··· Given data

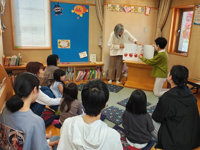 図書館では、ボランティアグループ陽だまりの会と図書館員によるおはなし会を行っています。
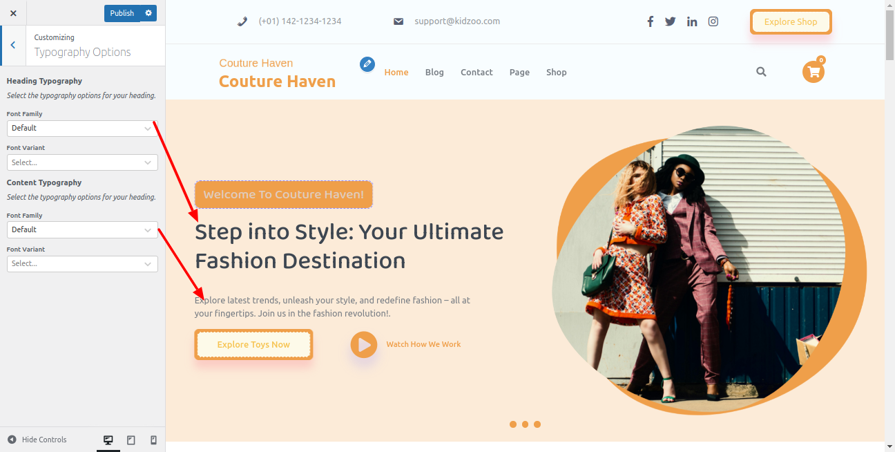 To proceed with the Typography Options, you can change complete font style just one click. following the instructions provided below.
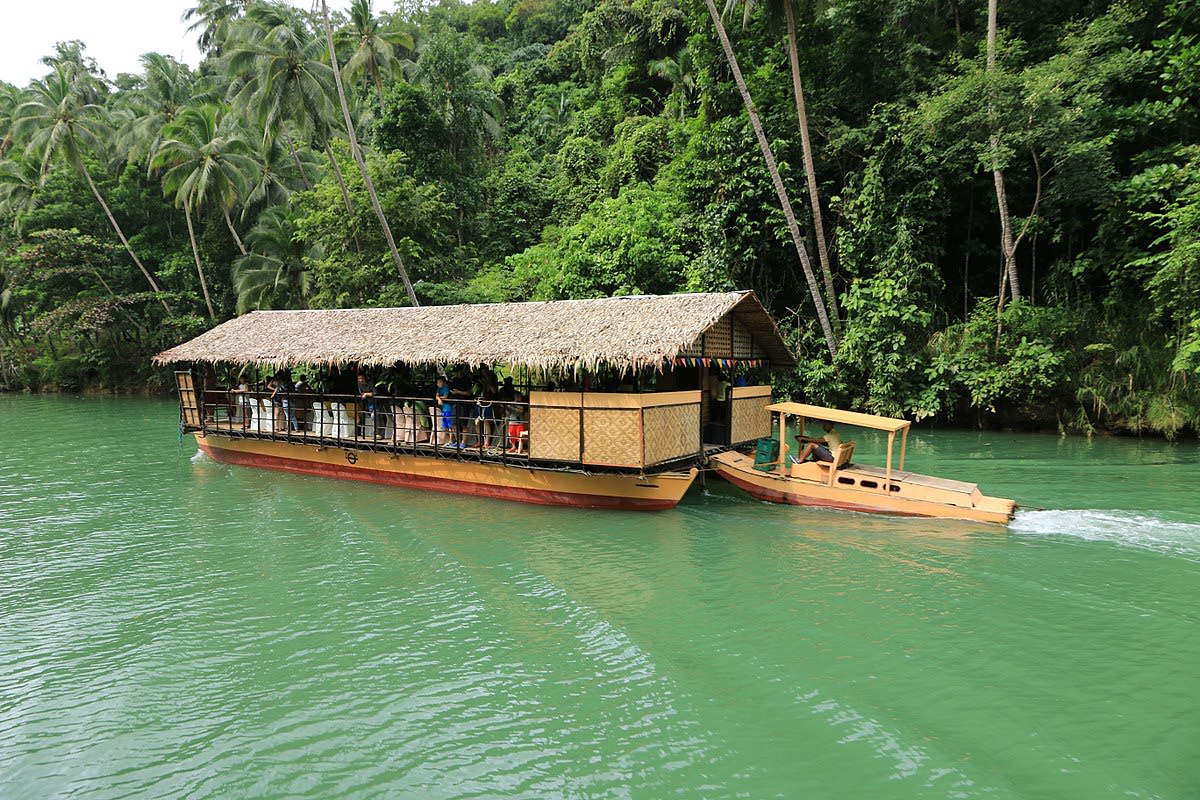搭乘游竹筏編成的小船,在Loboc River上航行,沿途欣賞熱帶叢林風光,船上會提供海鮮自助吧,雖然樣式不算多,但搭配著河景就很有東南亞風味的愜意舒暢感。到達中間一處中繼平臺會有當?shù)鼐用癯?、跳舞供游客欣賞,有時也會邀請游客一同歌舞。
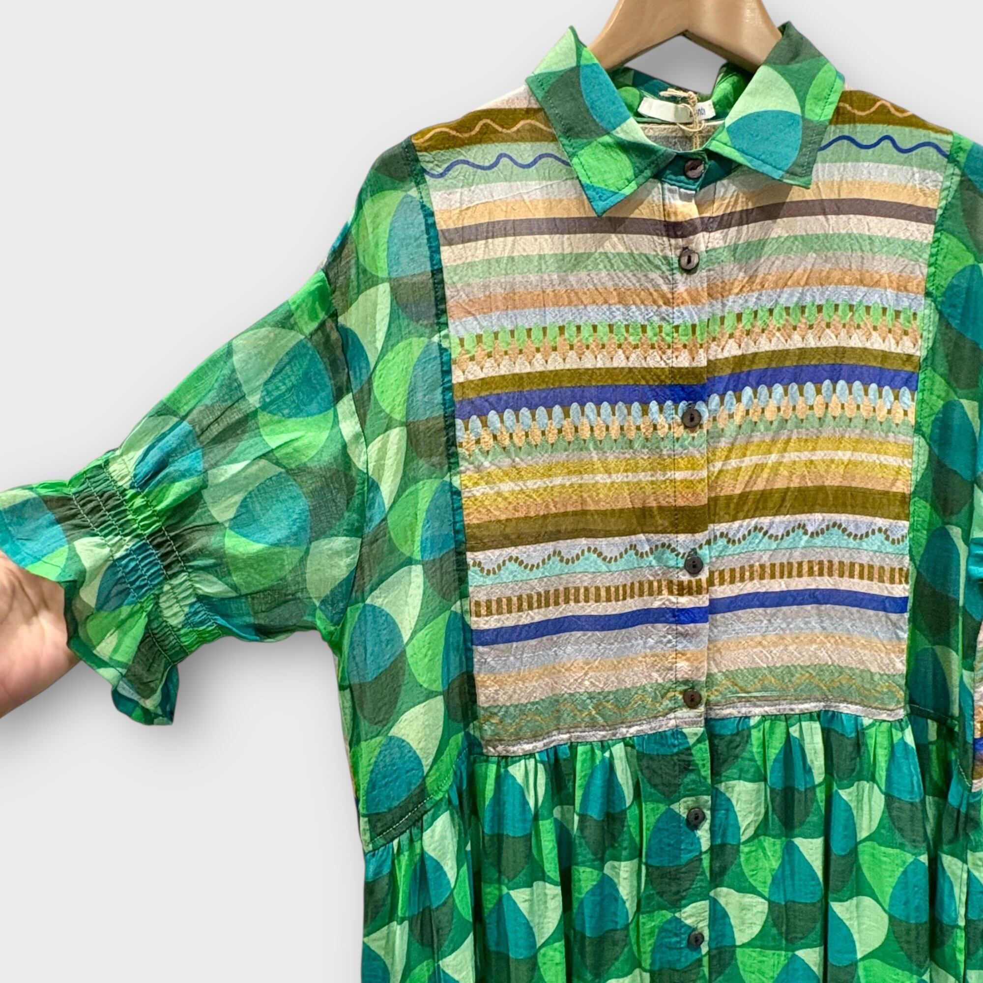 SANDY サークル×ストライプ シアーパフスリーブワンピース
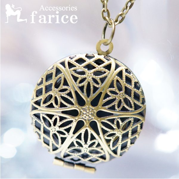 アンティークゴールドカラー スター&フラワー透かし丸型 レディース ロケット アロマ ペンダントネックレス【あずきチェーン付き】
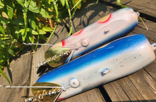 Hard bodied Tubes, In-line blade baits, Flap tails and other Tailspin style topwater fishing lures.
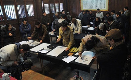 Theo quy chế thi sát hạch, người viết không được tra từ điển hoặc hỏi chữ người bên cạnh. Tuy nhiên, nhiều ông đồ vẫn vi phạm quy chế này |
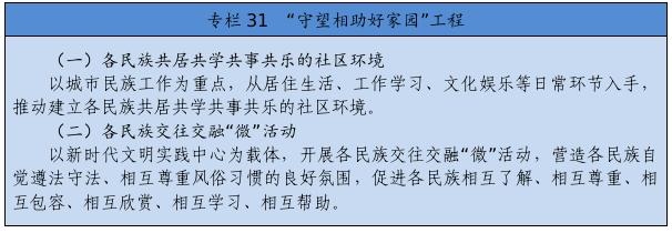 從居住生活、工作學習、文化娛樂等日常環(huán)節(jié)入手,積極營造各民族共居共學共事共樂的社會條件,開展各族群眾交流、培養(yǎng)、融洽感情的工作,形成密不可分的共同體。鼓勵各族群眾在民族地區(qū)和其他地區(qū)、城市和鄉(xiāng)村有序流動。做好城市民族工作,讓城市更好接納少數民族群眾、少數民族群眾更好融入城市社區(qū)。大力推進農村牧區(qū)現代化,加快補齊基礎設施和基本公共服務短板,不斷滿足各族群眾的美好生活需要,確保實現現代化一個民族也不能少。
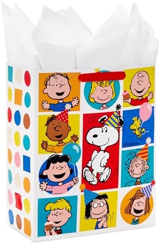 View full detailsHallmark Peanuts 13" Large Gift Bag with Tissue Paper (Snoopy, Charlie Brown, Linus, Lucy) for Birthdays, Christmas, Fans
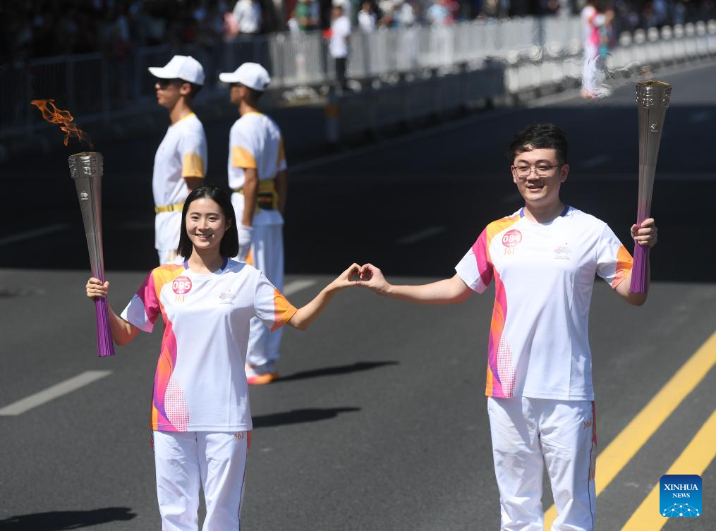 Torch bearers Wang Zizhen (R) and Xiang Zhenzhen pose during the torch relay of the 19th Asian Games in Wenzhou, east China's Zhejiang Province, Sept. 15, 2023. (Xinhua/Weng Xinyang)
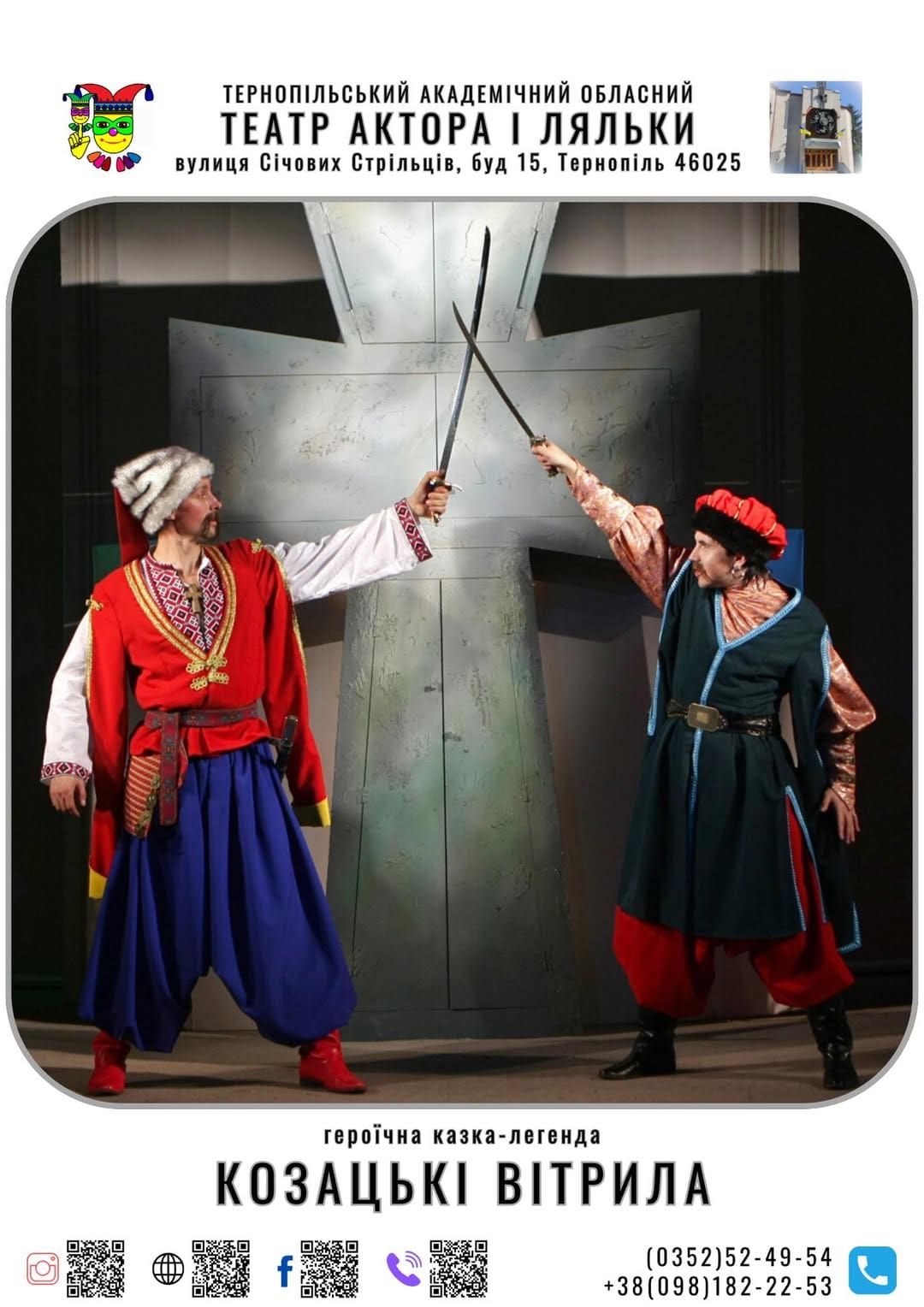 Цієї неділі, 22 лютого, юних тернополян та їхніх батьків запрошують поринути у світ відважних воїнів та давніх переказів. На сцені Тернопільського академічного обласного театру актора і ляльки покажуть виставу-легенду «Козацькі вітрила».

······

- [Problem to work on]:
What you write out is the stretch of entries from the line containing "SANDY サークル×ストライプ シアーパフスリーブワンピース" to the line containing "Theo quy chế", word for word, with both end lines and no pictures.

- [Final answer]:
 SANDY サークル×ストライプ シアーパフスリーブワンピース
 アンティークゴールドカラー スター&フラワー透かし丸型 レディース ロケット アロマ ペンダントネックレス【あずきチェーン付き】
 Hard bodied Tubes, In-line blade baits, Flap tails and other Tailspin style topwater fishing lures.
 Theo quy chế thi sát hạch, người viết không được tra từ điển hoặc hỏi chữ người bên cạnh. Tuy nhiên, nhiều ông đồ vẫn vi phạm quy chế này |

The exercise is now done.